━━━━━ GIVEN INFORMATION ━━━━━

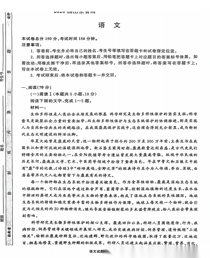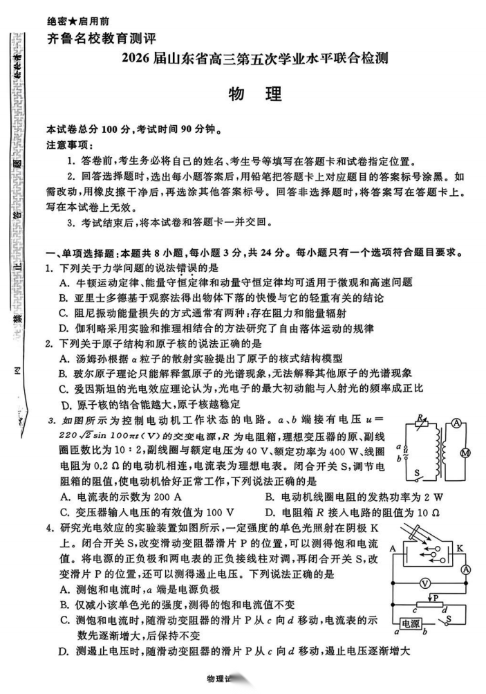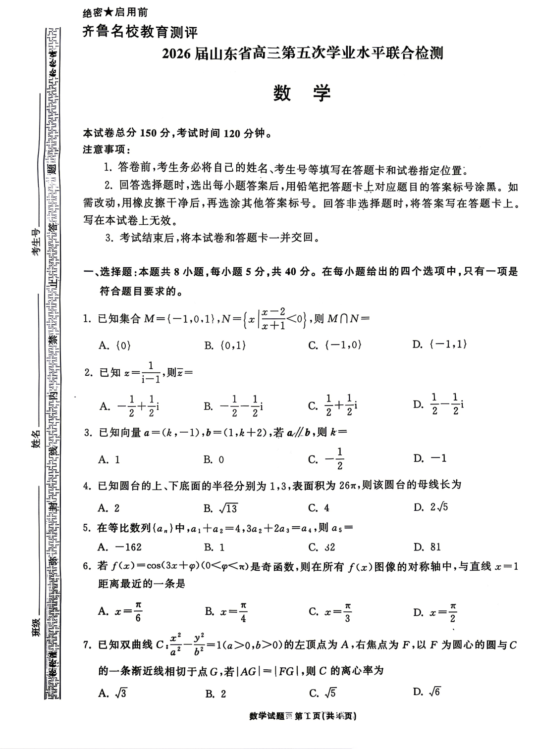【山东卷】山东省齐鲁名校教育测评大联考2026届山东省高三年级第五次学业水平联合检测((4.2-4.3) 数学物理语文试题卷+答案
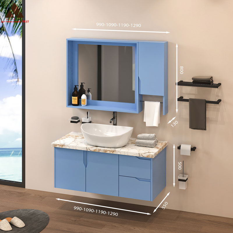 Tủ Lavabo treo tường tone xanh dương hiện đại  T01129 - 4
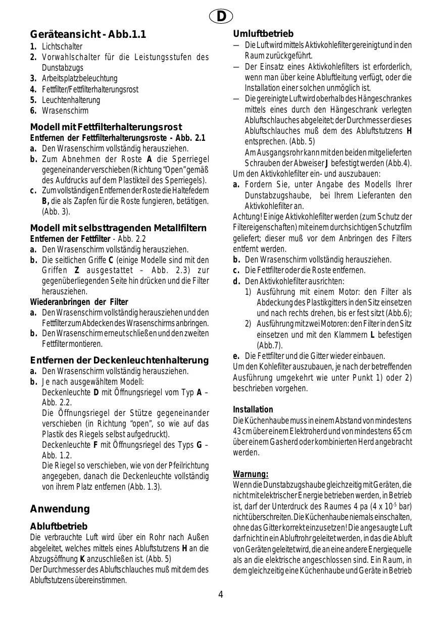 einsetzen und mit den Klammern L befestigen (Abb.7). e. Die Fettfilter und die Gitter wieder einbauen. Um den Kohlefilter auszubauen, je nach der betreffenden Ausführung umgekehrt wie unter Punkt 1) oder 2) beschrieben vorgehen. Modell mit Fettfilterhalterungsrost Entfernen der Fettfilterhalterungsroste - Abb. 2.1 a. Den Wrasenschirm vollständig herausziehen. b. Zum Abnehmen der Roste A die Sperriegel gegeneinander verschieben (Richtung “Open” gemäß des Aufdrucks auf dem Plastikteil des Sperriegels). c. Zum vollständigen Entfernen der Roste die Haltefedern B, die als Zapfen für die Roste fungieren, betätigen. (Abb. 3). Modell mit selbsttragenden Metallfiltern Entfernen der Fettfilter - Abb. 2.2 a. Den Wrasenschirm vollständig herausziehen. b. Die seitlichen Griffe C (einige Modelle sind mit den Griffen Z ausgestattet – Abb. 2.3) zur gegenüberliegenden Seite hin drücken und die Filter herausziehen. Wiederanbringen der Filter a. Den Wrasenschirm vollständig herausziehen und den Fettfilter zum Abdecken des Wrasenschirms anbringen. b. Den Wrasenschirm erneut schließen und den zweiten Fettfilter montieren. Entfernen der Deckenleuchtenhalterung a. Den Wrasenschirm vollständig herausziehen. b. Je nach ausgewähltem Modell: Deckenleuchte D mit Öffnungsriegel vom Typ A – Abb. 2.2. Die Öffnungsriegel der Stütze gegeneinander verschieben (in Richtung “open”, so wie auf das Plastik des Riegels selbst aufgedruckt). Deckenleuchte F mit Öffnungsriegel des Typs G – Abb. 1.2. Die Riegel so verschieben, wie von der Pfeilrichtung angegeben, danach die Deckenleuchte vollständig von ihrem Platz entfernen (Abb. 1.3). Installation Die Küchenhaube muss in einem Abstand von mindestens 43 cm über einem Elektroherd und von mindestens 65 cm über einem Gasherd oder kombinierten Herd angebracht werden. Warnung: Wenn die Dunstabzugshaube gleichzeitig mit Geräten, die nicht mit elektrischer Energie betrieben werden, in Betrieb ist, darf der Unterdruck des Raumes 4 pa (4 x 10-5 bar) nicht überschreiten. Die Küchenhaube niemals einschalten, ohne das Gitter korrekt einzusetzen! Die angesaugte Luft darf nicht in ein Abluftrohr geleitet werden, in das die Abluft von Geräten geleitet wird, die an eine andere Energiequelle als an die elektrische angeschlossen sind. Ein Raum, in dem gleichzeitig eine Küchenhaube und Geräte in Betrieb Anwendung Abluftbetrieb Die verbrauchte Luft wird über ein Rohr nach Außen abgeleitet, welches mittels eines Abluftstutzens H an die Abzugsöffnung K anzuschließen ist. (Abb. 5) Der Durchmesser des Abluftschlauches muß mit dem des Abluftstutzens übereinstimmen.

━━━━━

ASSIGNMENT
Return the full listing above verbatim, please, but without its images.

RESPONSE BOX
【山东卷】山东省齐鲁名校教育测评大联考2026届山东省高三年级第五次学业水平联合检测((4.2-4.3) 数学物理语文试题卷+答案
 Tủ Lavabo treo tường tone xanh dương hiện đại  T01129 - 4
 einsetzen und mit den Klammern L befestigen (Abb.7). e. Die Fettfilter und die Gitter wieder einbauen. Um den Kohlefilter auszubauen, je nach der betreffenden Ausführung umgekehrt wie unter Punkt 1) oder 2) beschrieben vorgehen. Modell mit Fettfilterhalterungsrost Entfernen der Fettfilterhalterungsroste - Abb. 2.1 a. Den Wrasenschirm vollständig herausziehen. b. Zum Abnehmen der Roste A die Sperriegel gegeneinander verschieben (Richtung “Open” gemäß des Aufdrucks auf dem Plastikteil des Sperriegels). c. Zum vollständigen Entfernen der Roste die Haltefedern B, die als Zapfen für die Roste fungieren, betätigen. (Abb. 3). Modell mit selbsttragenden Metallfiltern Entfernen der Fettfilter - Abb. 2.2 a. Den Wrasenschirm vollständig herausziehen. b. Die seitlichen Griffe C (einige Modelle sind mit den Griffen Z ausgestattet – Abb. 2.3) zur gegenüberliegenden Seite hin drücken und die Filter herausziehen. Wiederanbringen der Filter a. Den Wrasenschirm vollständig herausziehen und den Fettfilter zum Abdecken des Wrasenschirms anbringen. b. Den Wrasenschirm erneut schließen und den zweiten Fettfilter montieren. Entfernen der Deckenleuchtenhalterung a. Den Wrasenschirm vollständig herausziehen. b. Je nach ausgewähltem Modell: Deckenleuchte D mit Öffnungsriegel vom Typ A – Abb. 2.2. Die Öffnungsriegel der Stütze gegeneinander verschieben (in Richtung “open”, so wie auf das Plastik des Riegels selbst aufgedruckt). Deckenleuchte F mit Öffnungsriegel des Typs G – Abb. 1.2. Die Riegel so verschieben, wie von der Pfeilrichtung angegeben, danach die Deckenleuchte vollständig von ihrem Platz entfernen (Abb. 1.3). Installation Die Küchenhaube muss in einem Abstand von mindestens 43 cm über einem Elektroherd und von mindestens 65 cm über einem Gasherd oder kombinierten Herd angebracht werden. Warnung: Wenn die Dunstabzugshaube gleichzeitig mit Geräten, die nicht mit elektrischer Energie betrieben werden, in Betrieb ist, darf der Unterdruck des Raumes 4 pa (4 x 10-5 bar) nicht überschreiten. Die Küchenhaube niemals einschalten, ohne das Gitter korrekt einzusetzen! Die angesaugte Luft darf nicht in ein Abluftrohr geleitet werden, in das die Abluft von Geräten geleitet wird, die an eine andere Energiequelle als an die elektrische angeschlossen sind. Ein Raum, in dem gleichzeitig eine Küchenhaube und Geräte in Betrieb Anwendung Abluftbetrieb Die verbrauchte Luft wird über ein Rohr nach Außen abgeleitet, welches mittels eines Abluftstutzens H an die Abzugsöffnung K anzuschließen ist. (Abb. 5) Der Durchmesser des Abluftschlauches muß mit dem des Abluftstutzens übereinstimmen.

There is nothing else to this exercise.